Фели резко обернулась и плюнула на пол. На самом деле плюнула.
– К твоему сведению, позорище, Харриет впала в глубокое нервное расстройство сразу после твоего рождения.
– Ха! – воскликнула я. – Я тебя подловила. Ты говорила, что меня удочерили.
Это правда. Когда Даффи или Фели хотели разозлить меня как можно сильнее, они вспоминали это заявление.

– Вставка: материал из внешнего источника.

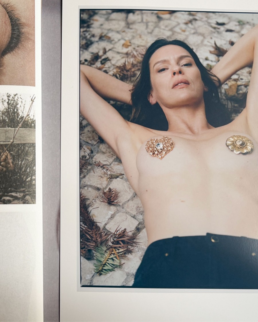 Pages filled with chunky lashes, Tokyo skyscrapers, legs until forever, a suit tailored to perfection, exaggerated poses, bare skin and burning plastic. Forest fire remains, a lizard, nylon stockings, water drops, breasts, white T-shirts, ancient pyramids, rawness and fragile beauty, — all brought together by pure desire.

– Так и было, – объяснила она. – Отец и Харриет заключили соглашение о том, что усыновят тебя, еще до твоего рождения. Но, когда пришло время и твоя биологическая мать тебя родила, по ошибке тебя отдали кому-то другому – паре в Восточном Кенте, кажется. К несчастью, они тебя вернули. Говорят, первый раз за двухсотлетнюю историю приюта люди вернули ребенка, потому что тот не понравился. Харриет ты тоже не пришлась по душе, когда она принесла тебя домой, но бумаги были уже подписаны, и совет попечителей отказался принимать тебя назад во второй раз. Я никогда не забуду тот день, когда я услышала, как Харриет говорит отцу в гардеробной, что никогда бы не полюбила такое крысинолицее мяучело. Но что она могла поделать? То, что любая нормальная женщина в ее обстоятельствах. Она впала в состояние глубокой тревожности, из которого, вероятно, так и не вышла. Она была в его власти, когда упала – или прыгнула? – с горы в Тибете. Отец всегда винил в этом тебя, наверняка ты осознаешь это.
В комнате стало холодно, поскольку внезапно я окоченела с ног до головы. Я открыла рот, чтобы что-то сказать, но обнаружила, что язык высох и съежился, словно сморщенный кусок кожи. Горячие слезы выступили у меня на глазах, когда я вылетела из комнаты.
Я покажу этой проклятой свинье Фели штуку-другую. Я ее так спеленаю веревкой, что потребуется нанимать матроса, чтобы развязать узлы перед ее похоронами.
Есть дерево, растущее в Бразилии, под названием carica digitata, местные именуют его «шамбуру». Они верят, что это такой смертельный яд, что просто сон под его листьями вызовет, для начала, незаживающие язвы, после чего рано или поздно наступит великолепная мучительная смерть.
К счастью для Фели, carica digitata не растет в Англии. К счастью для меня, здесь водится болиголов пятнистый. Знаю я болотистый уголок в низине Ситона, меньше чем в десяти минутах от Букшоу, где он растет. Могу съездить туда и вернуться до ужина.
Недавно я обновила свои записки касательно кониина, действующего вещества болиголова. Я извлеку его дистилляцией с помощью подручной щелочи – возможно, небольшого количества двууглекислого натрия, который я держу в лаборатории на случай кулинарных излишеств миссис Мюллет. Затем замораживанием и рекристаллизацией я удалю переливающиеся частицы менее сильнодействующего конгидрина. Получится почти чистый кониин с чудесным слабым запахом, и понадобится меньше чем полкапли этого маслянистого вещества, чтобы расплатиться по старым счетам.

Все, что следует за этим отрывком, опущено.